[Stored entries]

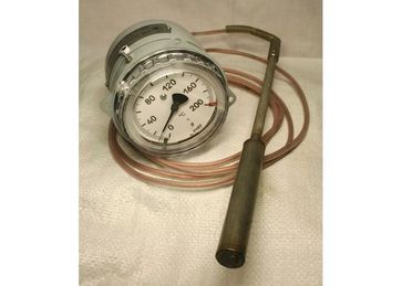 Термометры манометрические показывающие электроконтактные ТКП-100эк предназначены для измерения температуры воды, масла и других неагрессивных жидкостей и управления внешними электрическими цепями от сигнализирующего устройства. Диаметр прибора - 100мм. Длина капилляра - от1,6м до 10м.
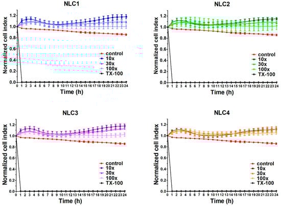 Cell viability of HCE-T cornea epithelial cells treated with different formulations measured by real-time electric sensing. Values are presented as means ± SD, n = 6–10. 10×: 10-times dilution; 30×: 30-times dilution; 100×: 100-times dilution; NLC, Nanostructured lipid carriers; TX-100, Triton X-100.
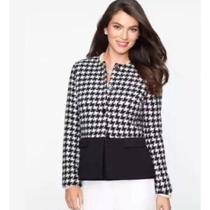 NWOT Talbots Black White Houndstooth Blazer Jacket colorblock WoolBlend sz 14
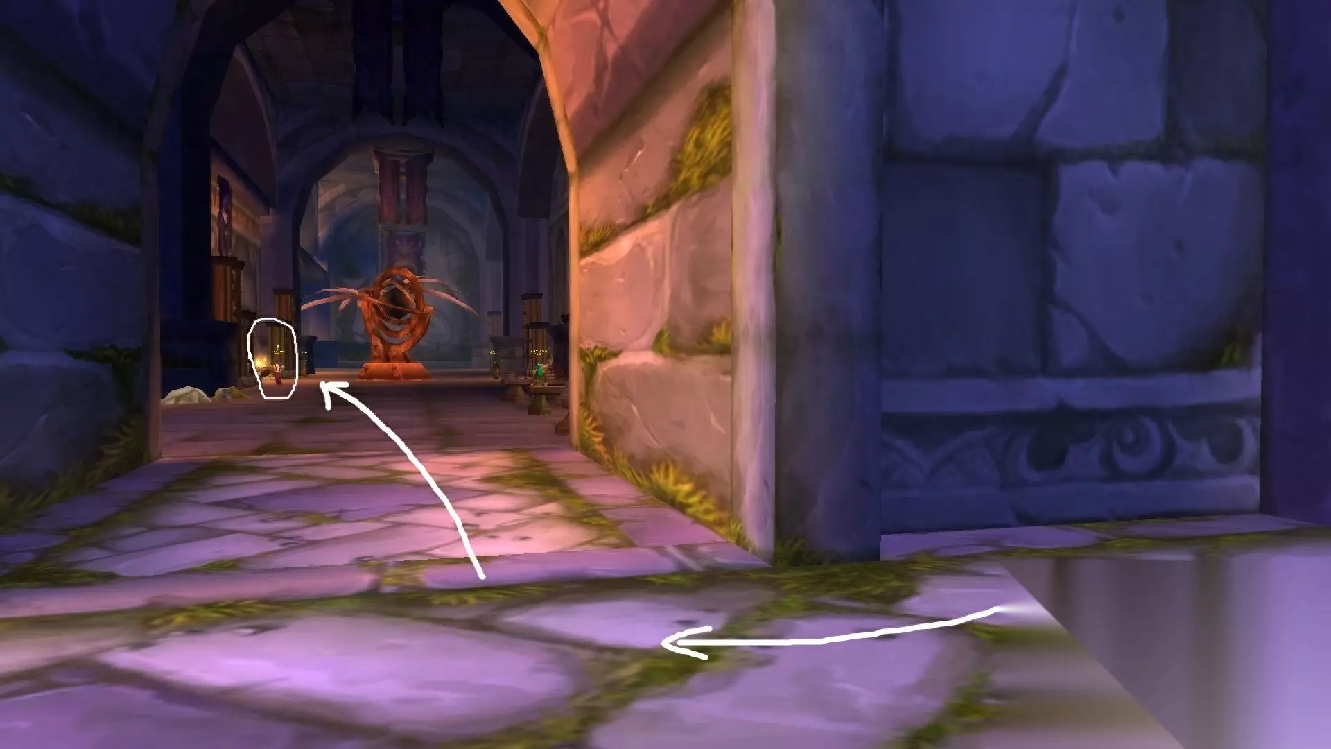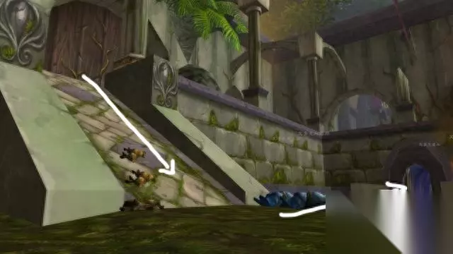 二、如何获得三种附魔秘药 1.进入厄运北副本,下台阶后直接左拐,用月牙钥匙开门,沿着长长的甬道进入图书馆。
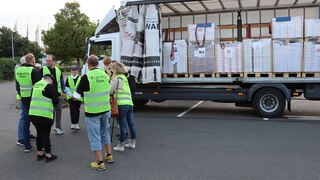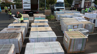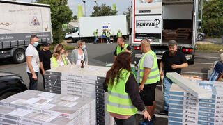 Frisch entladen: Die von verschiedenen Herstellern und Großhändlern gespendeten Paletten stehen bereit, ausgepackt zu werden.
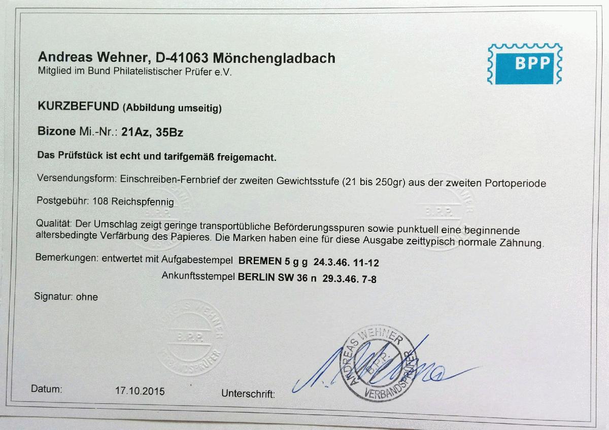 | Prüfgebiet: | Alliierte Besetzung Bizone |
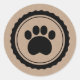 Sticker avec un empreinte de patte noir sur une image de papier kraft brun.
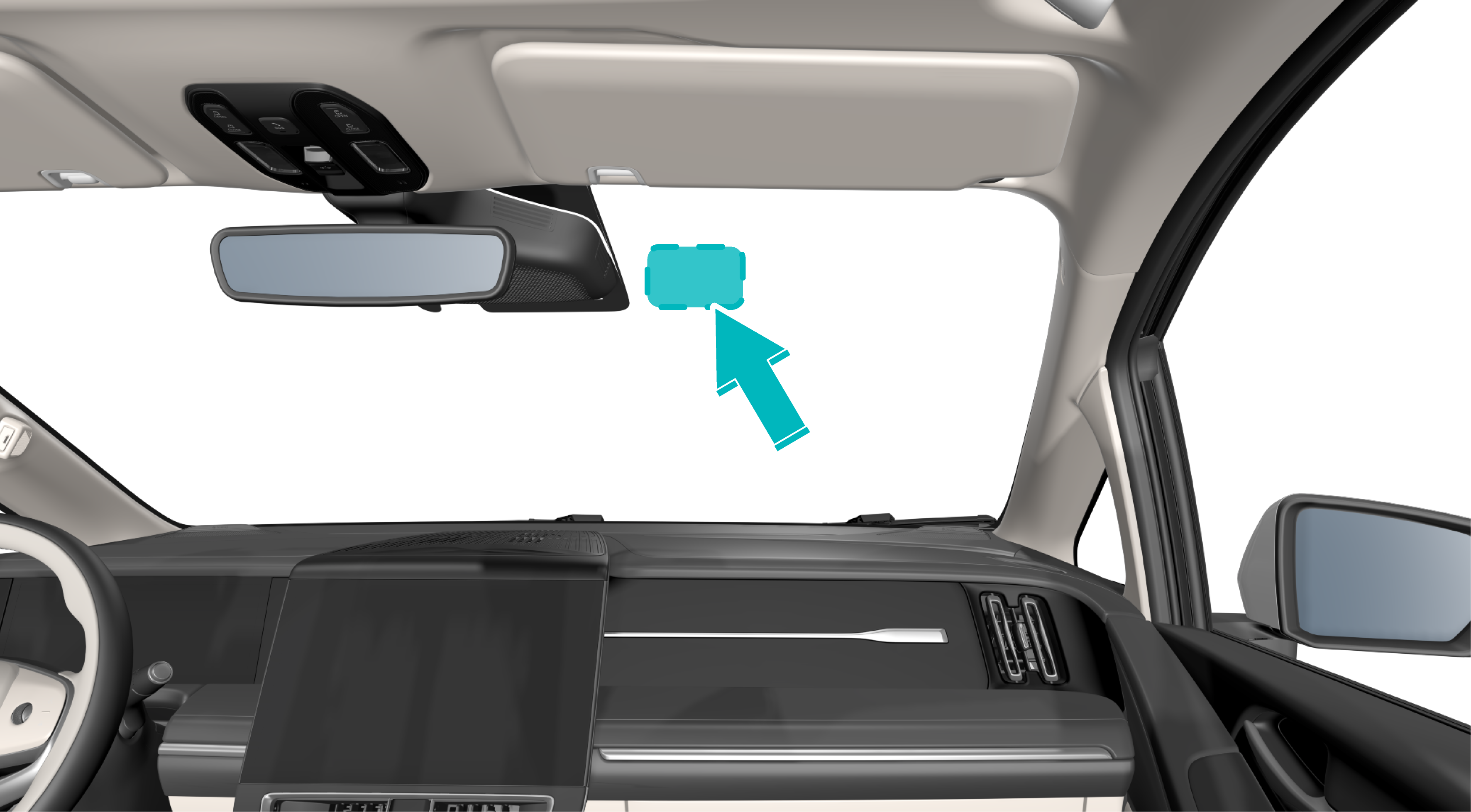 微波窗口设置在车内后视镜对应的前风窗玻璃靠右位置。
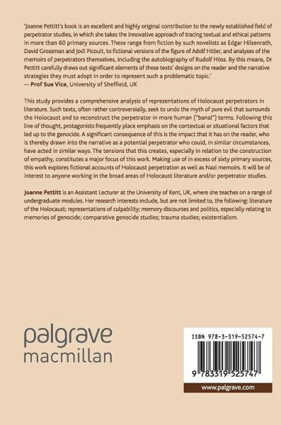 This study provides a comprehensive analysis of representations of Holocaust perpetrators in literature. Such texts, often rather controversially, seek to undo the myth of pure evil that surrounds the Holocaust and to reconstruct the perpetrator in more human ("banal") terms. Following this line of thought, protagonists frequently place emphasis on the contextual or situational factors that led up to the genocide. A significant consequence of this is the impact that it has on the reader, who is thereby drawn into the narrative as a potential perpetrator who could, in similar circumstances, have acted in similar ways. The tensions that this creates, especially in relation to the construction of empathy, constitutes a major focus of this work. Making use of in excess of sixty primary sources, this work explores fictional accounts of Holocaust perpetration as well as Nazi memoirs. It will be of interest to anyone working in the broad areas of Holocaust literature and/or perpetrator studies.
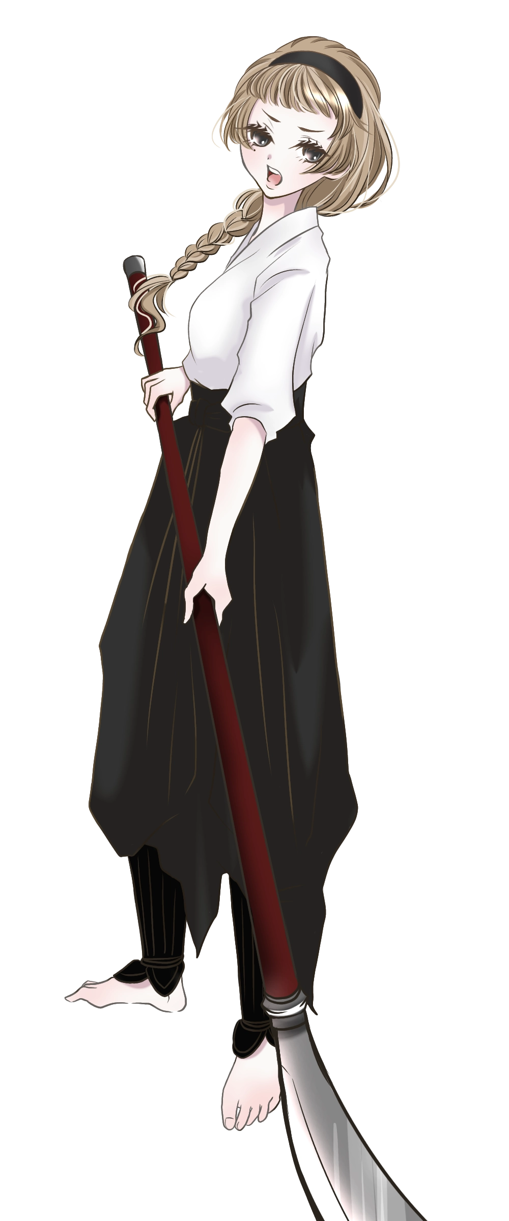 切先が強く反った女薙刀。明け方の空のような緋色の刀身と長柄。長さ2.15m。

• Directions
Give back exactly, and solely, the section of the data above bounded by the line containing "二、如何获得三种附魔秘药 1" and the line containing "微波窗口设置在车内后视镜对应的前风窗玻璃靠右位置。", both bounding lines included and pictures omitted.

• Solved exercise
 二、如何获得三种附魔秘药 1.进入厄运北副本,下台阶后直接左拐,用月牙钥匙开门,沿着长长的甬道进入图书馆。
 Frisch entladen: Die von verschiedenen Herstellern und Großhändlern gespendeten Paletten stehen bereit, ausgepackt zu werden.
 | Prüfgebiet: | Alliierte Besetzung Bizone |
 Sticker avec un empreinte de patte noir sur une image de papier kraft brun.
 微波窗口设置在车内后视镜对应的前风窗玻璃靠右位置。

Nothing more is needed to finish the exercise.